In this session, we're going to analyze the small experiment result to determine which method and distance metric are the best so we can just use them in the larger experiment. A little bit of explanation, in this small experiment, we didn't vary the number of normal posts, number of OOT posts, number of posts in top list, and the features. The reason is because we think that a good method and distance metric should be able to detect OOT posts no matter what the domain is. So, the forum variation is more important here. That's why we varied the threads instead and left other settings fixed.
Import our toolkits and let matplotlib plots inline.
In [1]:
import numpy as np
import pandas as pd
%matplotlib inline
Read our experiment result.
In [2]:
df = pd.read_hdf('../reports/small-exp.h5', 'df')
df
Out[2]:
Let's see how well each method performed. We need to compute the average baseline and performance distribution of each method over all features, distance metrics, and threads.
In [3]:
df2 = df.groupby(level='method').mean()
In [4]:
df2
Out[4]:
We don't actually need the baseline so let's remove it.
In [5]:
df3 = df2.drop('base', axis=1, level='result')
In [6]:
df3
Out[6]:
In [7]:
df3.T.plot(kind='bar', subplots=True, ylim=(0.,1.))
Out[7]:
From the plot we can see that txt_comp_dist
outperformed the other two methods since its probability distribution is more negatively skewed. To make it clearer, let's compute the expected value for each method's distribution.
In [8]:
df3
Out[8]:
In [9]:
df4 = df3 * np.arange(4)
In [10]:
df4
Out[10]:
In [11]:
df4.sum(axis=1, level='result')
Out[11]:
We see that txt_comp_dist
is indeed superior compared to the others.
Now, let's see which distance metric is the best one. Again, we have to compute the performance distribution of each distance metric over all methods, features, and threads. Let's do it. And don't forget to remove the baseline. (I'm getting better at this, yay!)
In [12]:
df5 = df.groupby(level='metric').mean().drop('base', axis=1, level='result')
In [13]:
df5
Out[13]:
In [14]:
df5.T.plot(kind='bar', subplots=True, ylim=(0.,1.))
Out[14]:
The difference is very subtle.
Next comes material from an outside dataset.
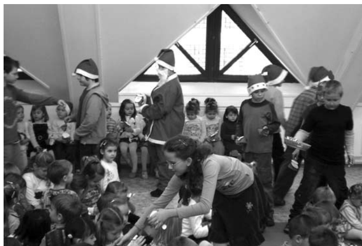
Iskolások Mikulás műsora az óvodában

Let's compute the expected value instead.
In [15]:
df6 = df5 * np.arange(4)
In [16]:
df6
Out[16]:
In [17]:
df6.sum(axis=1, level='result')
Out[17]:
Although they don't differ that much, we still can conclude that euclidean
is better.
OK. Now we can safely use only txt_comp_dist
method with euclidean
distance metric for our experiment. Yeay!